Duduk dalam diam di rumahnya di Gaza City, Mohammed al-Haddad menatap sekantong kecil tepung di sampingnya. Pria 45 tahun ayah enam anak itu tahu sekantong tepung tersebut tak akan cukup untuk memberi makan keluarganya untuk sehari. Namun, hanya itulah yang mampu dibeli setelah membayar biaya komisi yang sangat tinggi hanya untuk mengambil gaji.
“Mengambil gaji menjadi sangat rumit karena biaya komisi yang melonjak selama perang,” kata al-Haddad, dikutip Antara.
Sejak pecahnya konflik Israel-Palestina di Gaza pada 7 Oktober 2023, 2,3 juta penduduk daerah kantong tersebut menghadapi krisis ekonomi dan kemanusiaan yang semakin parah.
Para ahli ekonomi menyebut sejumlah faktor, termasuk blokade, kolapsnya rantai pasokan, dan kurangnya pengawasan yang efektif, yang memicu rekor inflasi tertinggi, melumpuhkan daya beli, dan bahkan membuat komoditas paling dasar tidak terjangkau.
Jamil Abu Mahadi (33), seorang ayah tiga anak dari Gaza City, adalah salah satu dari sekian banyak warga Gaza yang terbebani oleh tingginya biaya untuk mengambil uang tunai.
“Jika saya menarik 500 dolar AS (1 dolar AS = Rp16.484), saya hanya menerima 250 dolar AS,” keluhnya sembari menambahkan, “Itu hampir tidak cukup untuk satu atau dua hari. Pengeluaran harian untuk sebuah keluarga kecil minimal 150 dolar AS.”
Dengan bank-bank yang sebagian besar tutup dan layanan keuangan resmi hampir lumpuh, banyak warga beralih ke pialang tidak resmi atau kantor pengiriman uang untuk mencairkan gaji atau remitansi mereka, namun dengan biaya yang mahal.
Sementara itu, upaya bantuan dan sumbangan yang tidak menentu dari kerabat atau lembaga swadaya masyarakat (LSM) berkurang, tertekan oleh blokade dan penundaan administratif yang panjang dalam pengiriman bantuan.
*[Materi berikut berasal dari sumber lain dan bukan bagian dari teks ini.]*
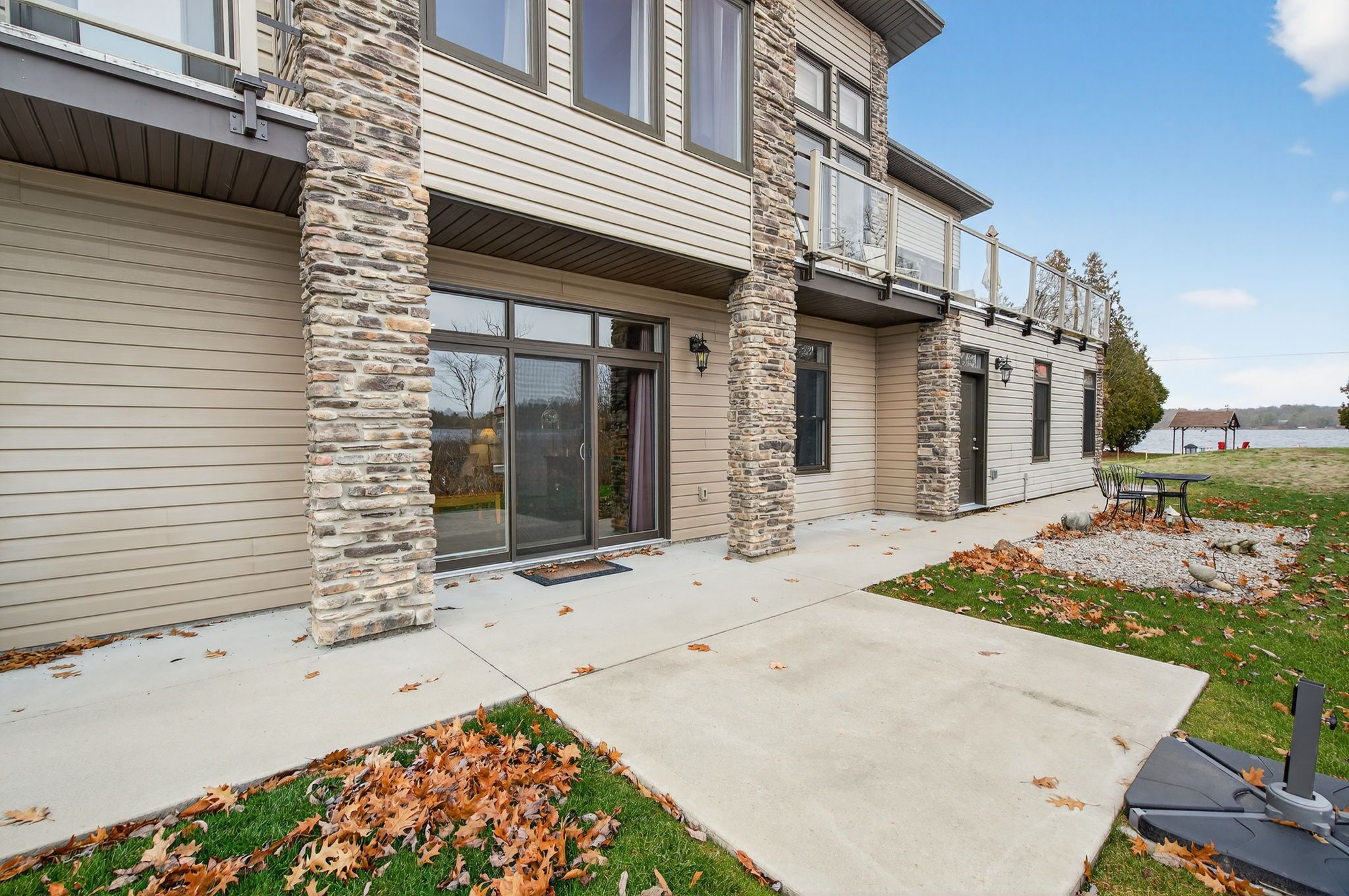 • Contemporary lakefront home with stunning window walls and stone columns.

Di sebuah jalan di Gaza City, Rawiya al-Ashi (39) mengaku dirinya hanya mampu membeli 1 kilogram tepung setiap hari. “Itu tidak cukup untuk satu kali makan,” kata ibu empat anak itu. “Saya tidak lagi memikirkan bagaimana cara hidup, hanya bagaimana caranya agar anak-anak saya bisa tidur tanpa kelaparan.”
Kolapsnya aktivitas perdagangan dan penutupan perbatasan telah menjerumuskan Gaza ke dalam apa yang digambarkan oleh para ekonom lokal sebagai “resesi yang parah.” Puluhan ribu orang kehilangan pekerjaan, dan sebagian besar usaha kecil hancur atau terpaksa gulung tikar akibat pengeboman, kelangkaan bahan bakar, atau kehabisan logistik.
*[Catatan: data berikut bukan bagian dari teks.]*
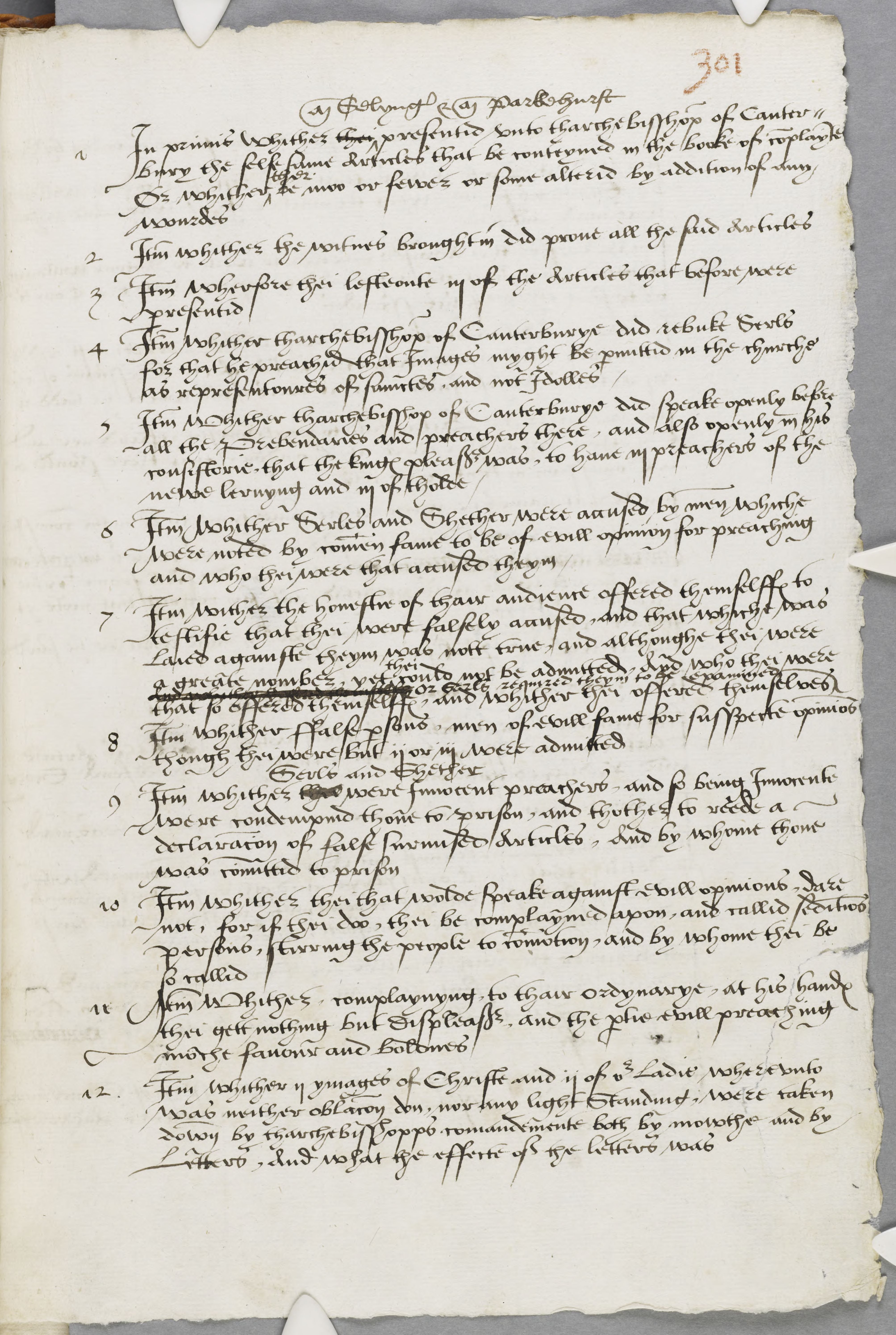 In primis whither thei Mr Selynger & Mr parkehurst presentid unto tharchebisshop of Canter// bury the selfe same Articles that be conteyned in the booke of complaynte Or whither ther be moo or fewer or some alterid by addition of any wourdes

Samir Abu Mudallala, seorang analis ekonomi yang berbasis di Gaza, mengatakan kepada Xinhua bahwa krisis likuiditas adalah salah satu aspek paling serius dari keruntuhan ekonomi yang lebih luas.
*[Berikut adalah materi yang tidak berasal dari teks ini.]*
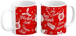 Kubek Świąteczny Wesołych Świąt w różnych językach Czerwony Prezent pod Choinkę na Mikołaja
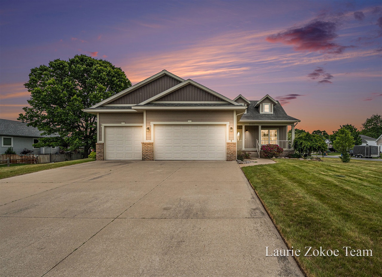 3 DAYS BEFORE CLOSING - BUYERS' FINANCING FELL APART! Discover this beautifully maintained 3-bed, 3-bath Cape Cod home in the desirable Windy Pines neighborhood of Fruitport Township. Built in 2005 and thoughtfully updated, it features a bright, freshly painted interior, a gourmet kitchen with quartz countertops and stainless steel appliances, and a formal dining area. Upstairs, a cozy loft offers space for work or relaxation, plus 2 beds/1bath. The finished walkout basement includes wainscoting and ample living space. Outside, enjoy new vinyl siding (2022), a custom shed, professional landscaping, and a spacious 3-car garage. Located on a 0.43-acre corner lot in the Fruitport School District, this home perfectly blends style, space, and comfort.

Dia mengaitkan kelangkaan likuiditas dengan operasi perbankan yang hampir berhenti total, kurangnya koordinasi dengan lembaga-lembaga keuangan di Tepi Barat, dan penangguhan pengiriman uang internasional karena blokade yang sedang berlangsung.
Abdul Karim Joda, seorang pemilik toko kelontong di Khan Younis, juga menyinggung tentang kesulitan para pedagang. “Kami membeli barang dalam jumlah kecil dengan harga dua kali lipat karena masalah pasokan dan membayar biaya transportasi yang tinggi,” ujarnya.
“Tidak ada yang untung. Warga dan pedagang sama-sama mengalami kesulitan.”
Dengan tidak adanya resolusi politik yang jelas dan permusuhan yang kian meningkat, organisasi kemanusiaan mengatakan kemampuan mereka untuk menanggapi kebutuhan penduduk menurun dengan cepat.
Amjad al-Shawa, kepala Jaringan LSM Palestina, mengatakan, “Respons kemanusiaan tidak sesuai dengan kebutuhan. Kami menyerukan agar akses bantuan dan perlindungan internasional segera difasilitasi dan diberikan kepada warga sipil, terutama perempuan dan anak-anak.”
Dia mendesak masyarakat internasional untuk memprioritaskan gencatan senjata dan membuka kembali penyeberangan perbatasan untuk menyalurkan makanan, obat-obatan, dan bahan bakar.
“Kelaparan tidak bisa ditunda. Penyakit tidak bisa ditunda. Dan anak-anak tidak mengerti politik,” ujarnya.